Scientific AmericanAugust 5, 1876
A new steam
hand car has recently been designed and constructed by Mr. Jay
Noble, master mechanic for M. M. Buck & Co., of St. Louis,
Mo., which is excellently adapted for the use of division superintendents,
road masters, and others whose duty requires them to make frequent
inspection of railway lines. The machine, as shown in the engraving,
resembles an ordinary hand car, except that the propelling power
is steam and not muscle. The floor is about 10 inches from the
ground, and is beneath instead of above the axles. The boiler,
which is about 3½ feet in height with a diameter of 18
inches, is placed in the center of the car, while the cylinder,
which is horizontal, is at the right hand side and near the floor.
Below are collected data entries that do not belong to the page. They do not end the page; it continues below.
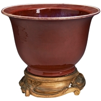 covered overall with a deep red and flambé glaze streaked in bright milky blue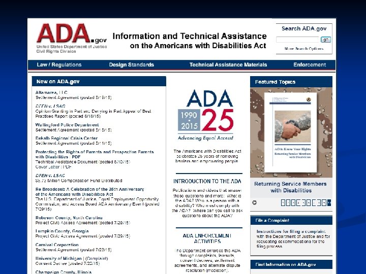 Overview of ADA § Civil Rights Law § Issues of: - Handled by: § Employment - US Equal Employment Opportunity Commission § Education - US Department of Education § Transportation - US Department of Transportation § Public Land - US Department of Interior § Access - US Department of Justice § Each of these federal organizations provide technical assistance, advocacy and handle complaints § Additionally there is an official network of regional technical assistance organizations called the ADA National Network 20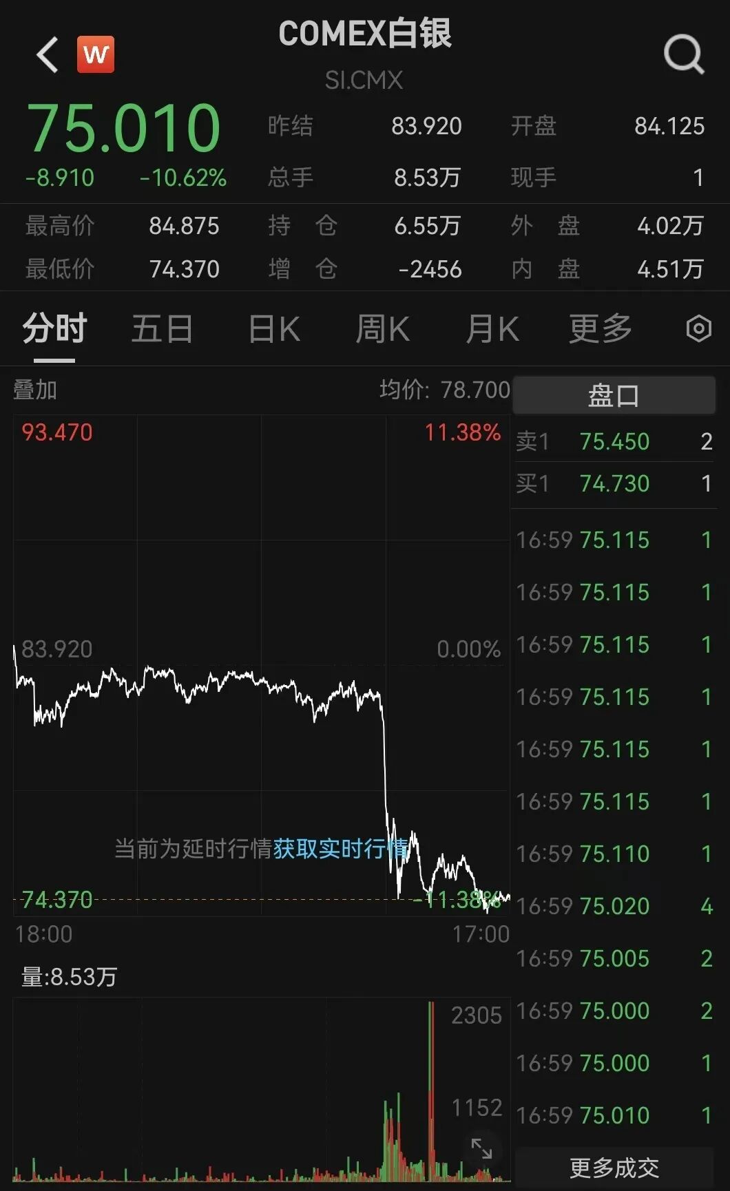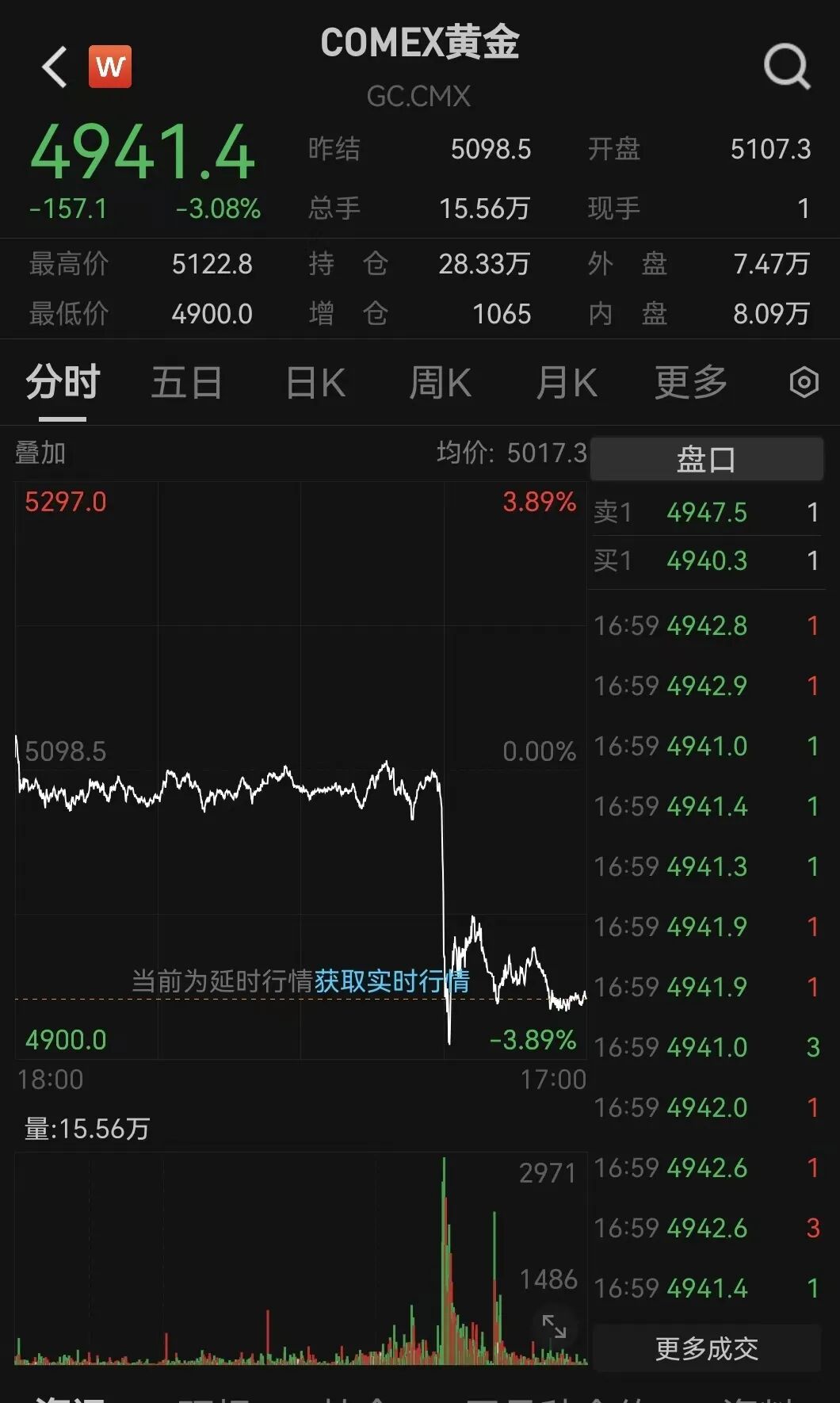黄金再失守5000美元白银暴跌11%
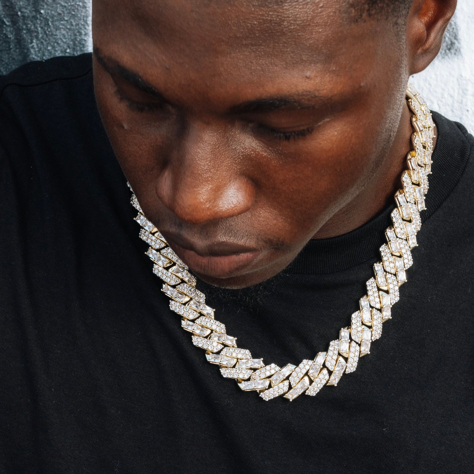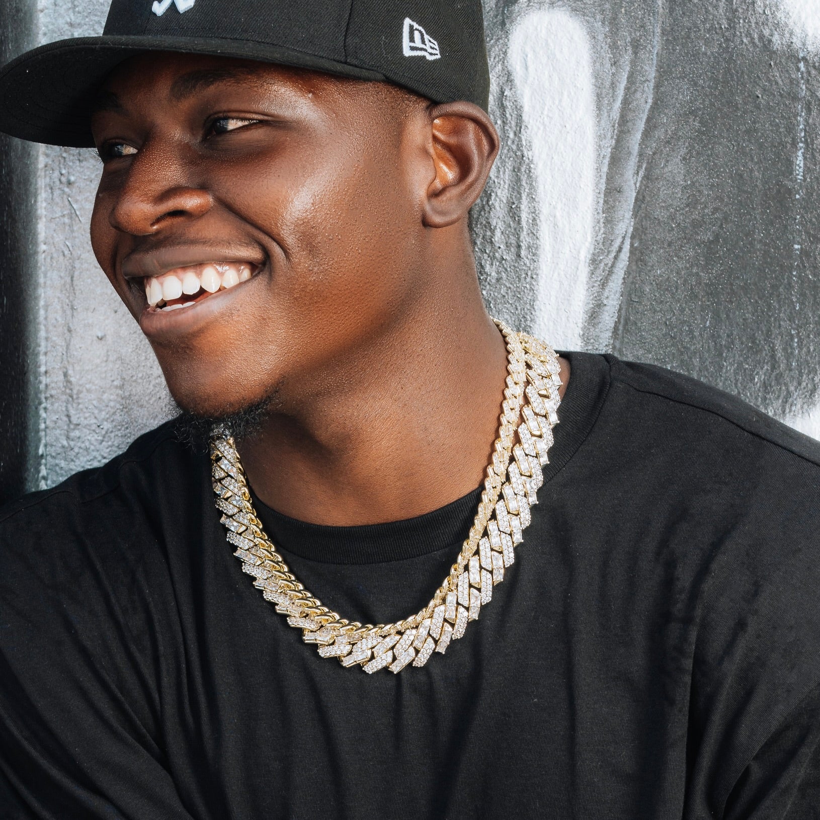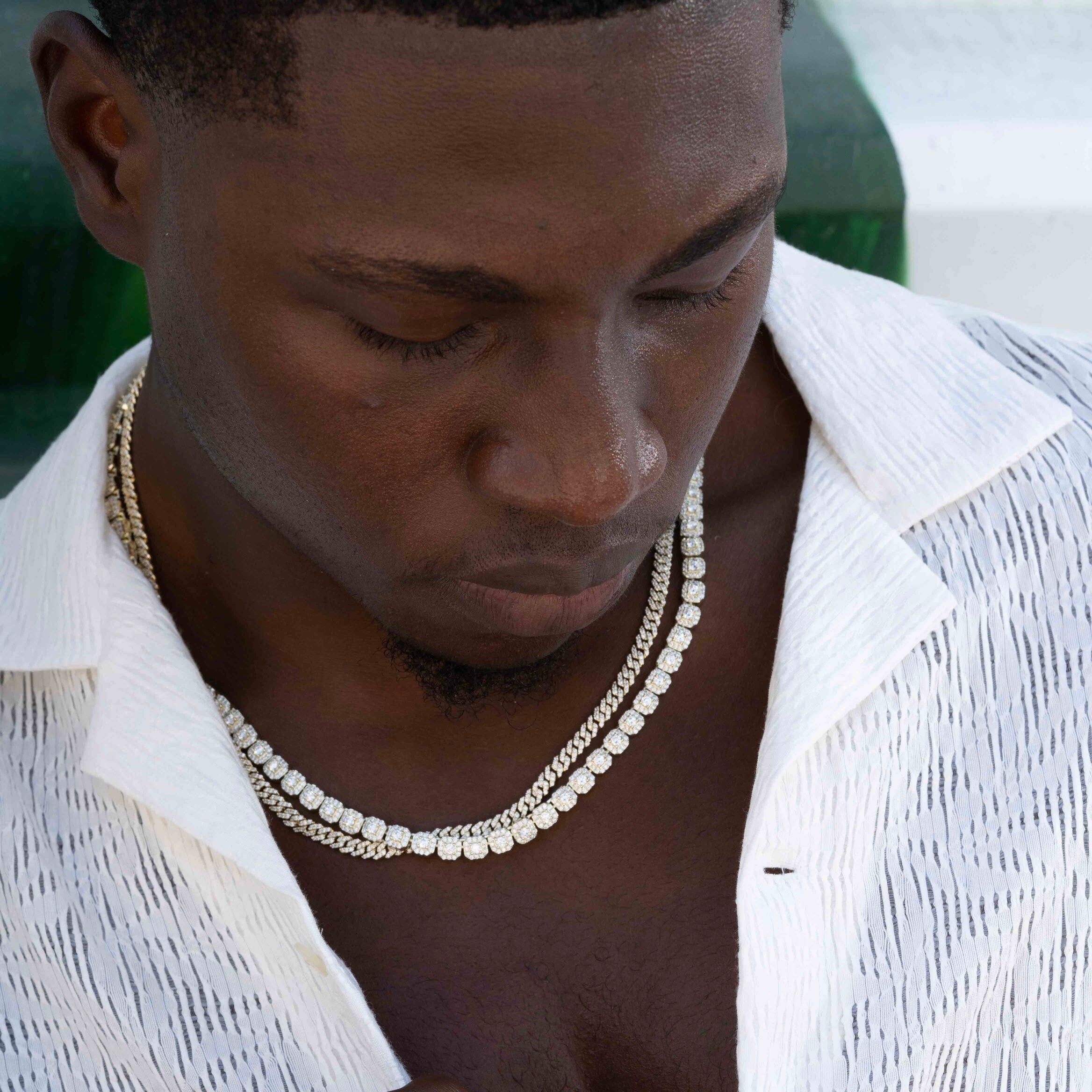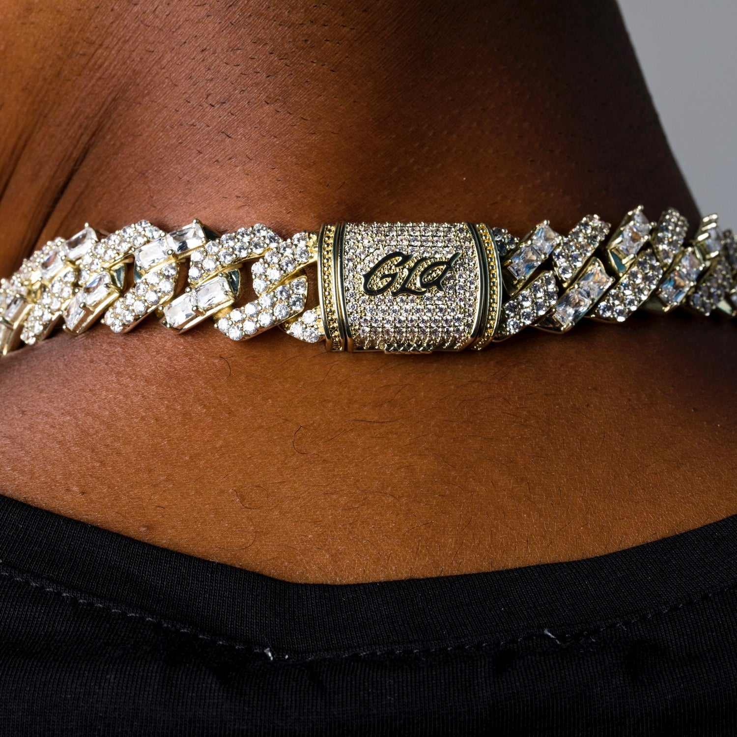 19mm Mixed Stone Diamond Cuban Necklace - Yellow Gold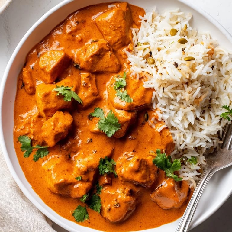Save A classic Indian favorite featuring tender chicken in a rich, creamy tomato sauce paired with fragrant basmati rice pilaf. Perfect for a comforting meal full of flavor and spice.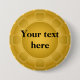 This pin back button is decorated with a yellow ribbon rosette representing third place. Easily customize the text for your own event.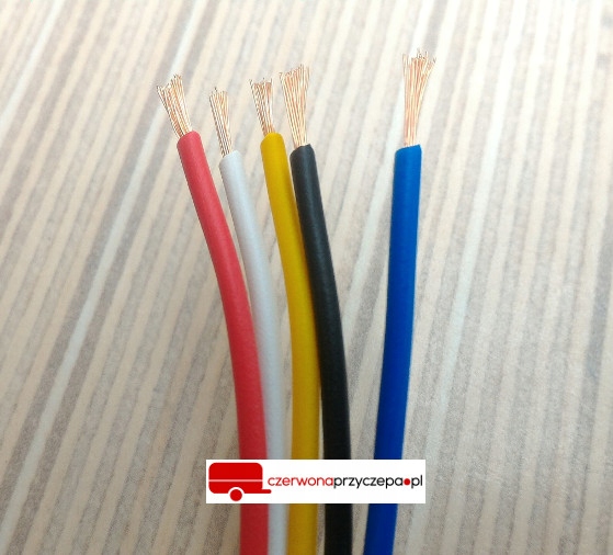 Przewód jest bardzo elastyczny. Każda żyła wewnątrz to linka, jest wyjątkowo mocna i wytrzymałe o przekroju 0,75mm2. Bardzo solidna i trwała izolacja doskonale zabezpiecza przed wilgocią. Stosowany w instalacjach w przyczepach i w lawetach do łączenia tylnych lamp między sobą lub jako główna wiązka do LAMPY lewej lub prawej.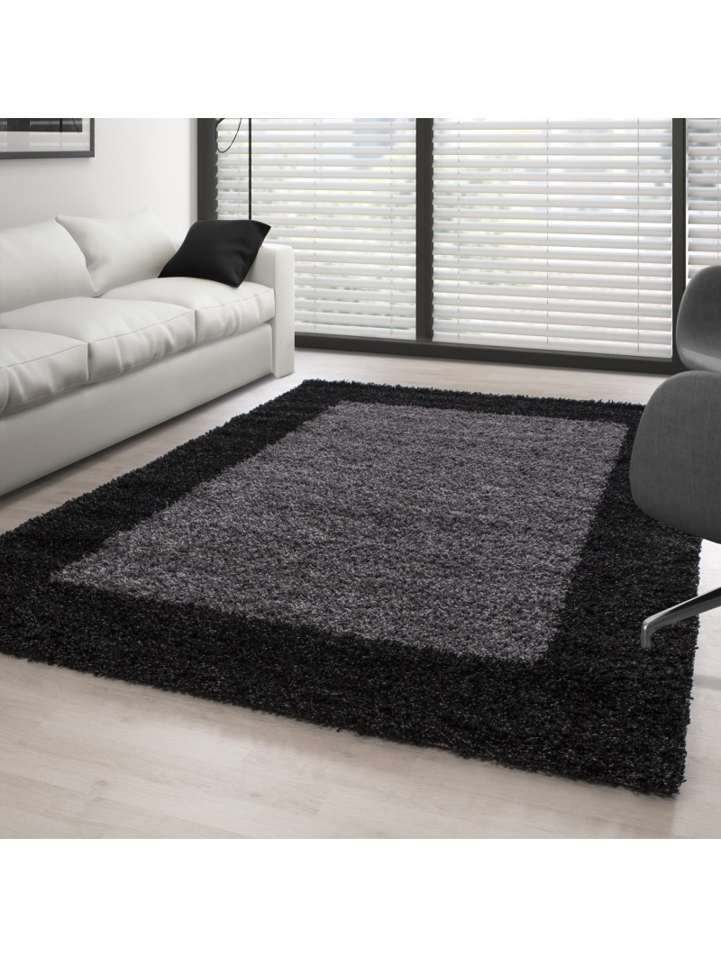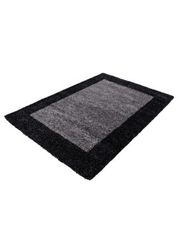 Soft shaggy rug with a decorative border in an elegant anthracite tone. Its long fibers offer warm comfort for everyday use, ideal for the living room or bedroom in a modern interior.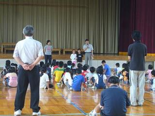 翌火曜日は、朝に体育館で全校集会があり、今度は全校生徒の前で校長先生が双子を紹介してくれた。ここでも、さん太はまったく物怖じせず、マイクを持ってはっきりとした口調で「おはようございます。○○です」と自己紹介してびっくり。次にモモちゃんはやっぱり恥ずかしがってニヤニヤしたまま何も言えず、業を煮やしたさん太がマイクを奪って「○○です」と、モモちゃんの紹介をした。さん太君、頼もしいなあ。

The cylinder is 3½ x 6 inches, and the boiler is intended
to carry a pressure of 140 lbs. of steam. The body of the vehicle
rests on rubber springs and rides very easily without lateral
Seats are arranged in front and rear, of sufficient size to
accommodate six persons. The water tank occupies a space under
the back seat and holds about a barrel of water, which is sufficient
to run the car 40 miles. On the left of the boiler, the coal pan
is arranged in a space about 2 feet wide, and carries all the
fuel necessary for a day's run.
On a recent trial trip, the run from St. Louis to Carondelet,
a distance of seven miles, was made in fifteen minutes. The general
design of the car, which is quite tasteful and at the same time
well adapted to withstand severe usage, is plainly represented
in our illustration. The idea developed in this miniature steam
car might be adapted to other purposes than the one designated.
We should think every railroad company would find such a steam
car useful for various purposes.
The inventor states that under ordinary circumstances the cost
of fuel will not exceed 75 cents per day. The general arrangement
is excellent and reflects much credit on the designer.